O complexo tema da maioridade penal

A morte brutal do menino João Hélio, que foi arrastado preso pelo cinto de segurança por quilômetros em um carro conduzido por assaltantes menores de idade, trouxe à tona a discussão sobre a redução na maioridade penal. O tema ganhou força e a Câmara dos Deputados, em Brasília, já estuda a revisão da lei que prevê a responsabilidade criminal a partir dos 18 anos.

Para tanto, alguns nomes fortes da legislação brasileira, como os juristas René Dotti e Miguel Reale Júnior, foram convidados pelo deputado Marcelo Itagiba, da Comissão de Constituição e Justiça, para participar de uma audiência pública em Brasília. Porém os dois declinaram do convite.

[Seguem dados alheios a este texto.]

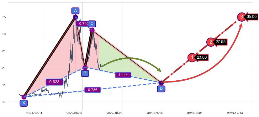 ➣ AI预测: 假定反转启动后, 第❸目标位置(2023-12-14, 35.00)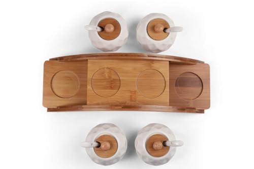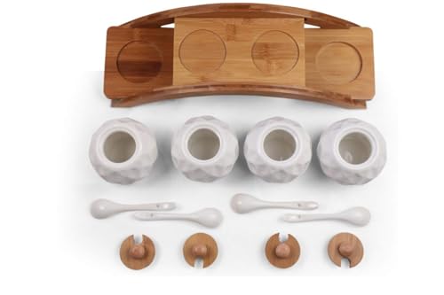 Generic - طقم برطمانات تخزين توابل من السيراميك والخشب، مصنوع من السيراميك مع حامل خشبي، مجموعة من 4 قطع، حجم مدمج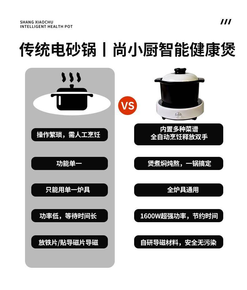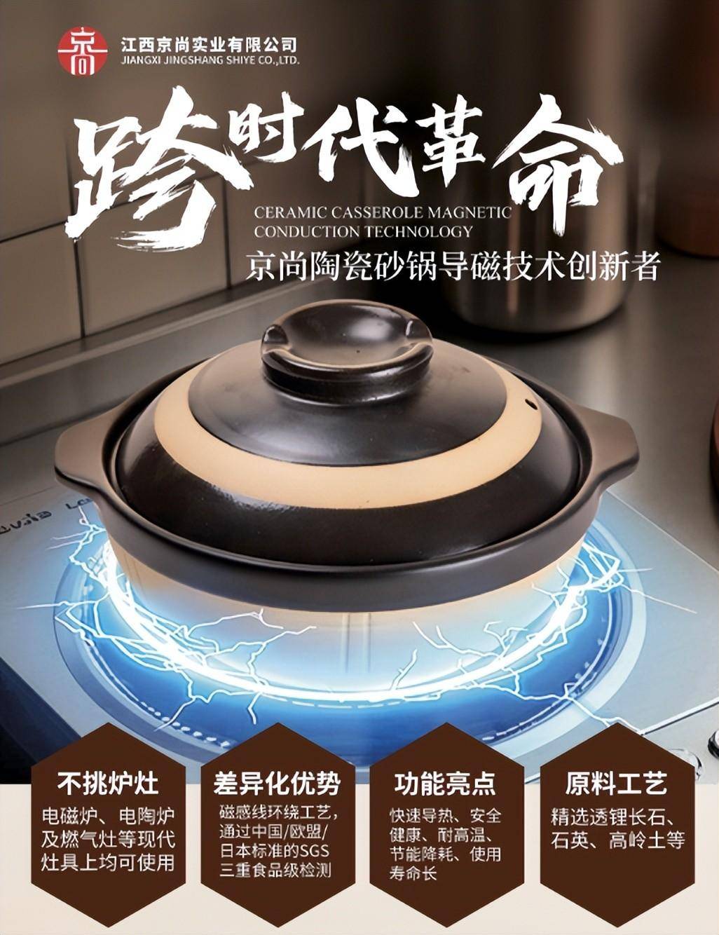 京尚导磁陶瓷锅核心优势在于真导磁、全适配、超健康。区别于传统导磁方式,产品采用专利导磁材料与特殊喷涂工艺,实现锅底全包裹导磁,兼容电磁炉、明火、电陶炉等各类炉具,适配国内外主流品牌设备,真正做到“不挑灶具、随心烹饪”。实测导磁效率较传统产品提升100%,电磁炉功率利用率高达98%,加热更快、能耗更低,商用场景可大幅降低电费支出,性价比突出。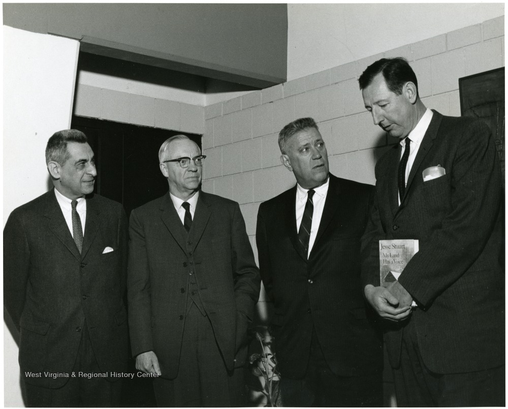 - 'Famed Kentucky author Jesse Stuart (second from right) chats with WVU professors John Caruso, prof. of history and chairman of the symposium planning committee (left); J.P. Brawner, prof. of English (second from left); and Ruel Foster, prof. and chairman of English (right) at the Feb. 22-24, 1967 'Lessons of History,' symposium.'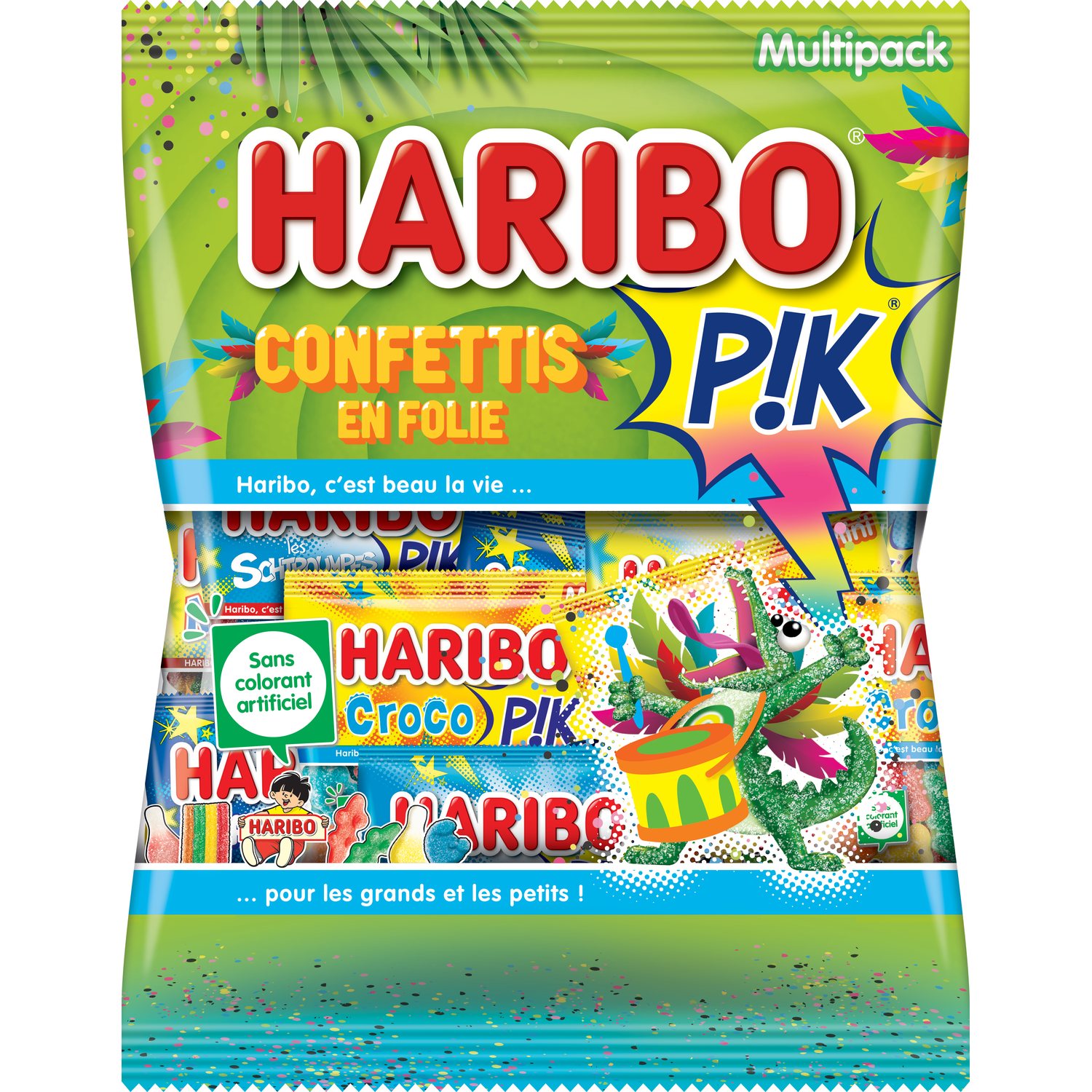 Célébrez le Carnaval avec le multipack HARIBO P!K Carnaval en Folie en édition limitée contenant un assortiment de vos HARIBO P!K préférés en format mini sachets. Sans colorant artificiel.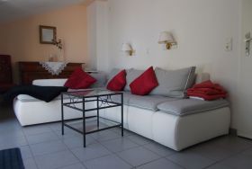 Das helle 2-Zimmer Appartement im Dachgeschoss bietet einen großen Wohn-/Schlafraum mit Doppelbett, Fernseher, DVD-Player, großem Kleiderschrank und Safe. Gegenüber befindet sich die integrierte Wohnküche mit einer Essecke. Das zweite Schlafzimmer mit exklusivem Balkon (z.T. Seeblick) ist ausgestattet mit einer ausziehbaren Schlafcouch. Die Liegefläche beträgt 130 x 200cm. Bettwäsche und Handtücher sind inklusive.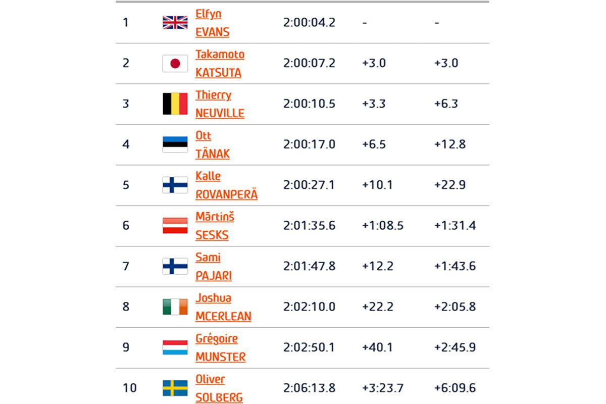 Ο Ουαλός ξεκίνησε τη σημερινή μέρα με ισχνό προβάδισμα 0,6’’ από τον Κατσούτα. Ήταν και οι δύο ταχύτατοι στις παγωμένες πρωινές ΕΔ, αλλά το απόγευμα η ταχύτητα του Έβανς κι ένα μικρό λάθος του Ιάπωνα αύξησαν το προβάδισμα του πρώτου στα 8,6’’. Τότε ήρθαν τα δύο λάθη του Έλφυν, και οι διαφορές στις τέσσερις πρώτες θέσεις μειώθηκαν ξανά.

Para Dotti, árduo defensor da revisão do sistema criminal do problema, o cerne na questão está na administração, não na legislação. ?Há leis e algumas bastante rigorosas. Temos como exemplo os seqüestros, que leis que prevêem punições gravíssimas, mas continuam acontecendo. O problema é que as leis não são cumpridas?, diz o jurista. Ele destaca que a falta de investimentos em material humano e físico, bem como tecnologia, são fatores decisivos para o aumento dos índices de violência no Brasil. ?Há demora nos julgamentos dos processos e as delegacias também estão saturadas de processos em andamento. Mas não é por falta de empenho de pessoal, mas por falta de estrutura, falta de políticas públicas nas áreas de segurança e justiça?, aponta.

Com convicções fortes, ele acredita que a reação imediatista da classe política é apenas uma cortina de fumaça para enganar as pessoas. ?Temos que ser duros para evitar que isso aconteça e cobrar medidas mais efetivas para acabar com a omissão do estado na luta contra o crime?.

A carta encaminhada pelo Professor Dotti:

Curitiba, 5 de março de 2007.

Prezado Deputado Marcelo Itagiba

Pela presente renovo os cumprimentos transmitidos pessoalmente pela sua eleição à Câmara dos Deputados na certeza de que a sensibilidade, a ética e a competência já demonstradas em suas relevantes funções no Estado do Rio de Janeiro lhe conferem os atributos essenciais para um excelente desempenho legiferante no complexo e profundo território da segurança pública.

Há vários anos tenho procurado contribuir com a revisão do sistema criminal brasileiro. Além da colaboração na feitura das Leis n.º 7.209 e 7.210, de 1984 (Parte Geral do CP e Lei de Execução Penal), nos últimos tempos, desde 1992 até 2000, participei de comissões de juristas no âmbito do Ministério da Justiça para a redação de projetos de reforma do Código de Processo Penal, visando maior economia e eficiência para os procedimentos. Desse longo trabalho resultaram 7 (sete) projetos de lei com os seguintes assuntos e números:

1.º) Investigação criminal (Proj. de lei n.º 4.209/2001);

2.º) Prisão, medidas cautelares e liberdade (Proj. de lei n.º 4.208/2001);

3.º) Interrogatório do acusado e defesa dativa (Proj. de lei n.º 4.204/2001);

4.º) Provas (Proj. de lei n.º 4.205/2001);

5.º) Suspensão do processo, emendatio libelli, mutatio libelli e novos procedimentos (Proj. de lei n.º 4.207/2001);

6.º) Júri (Proj. de lei n.º 4.203/2001);

7.º) Recursos e ações de impugnação (Proj. de lei n.º 4.206/2001).(1)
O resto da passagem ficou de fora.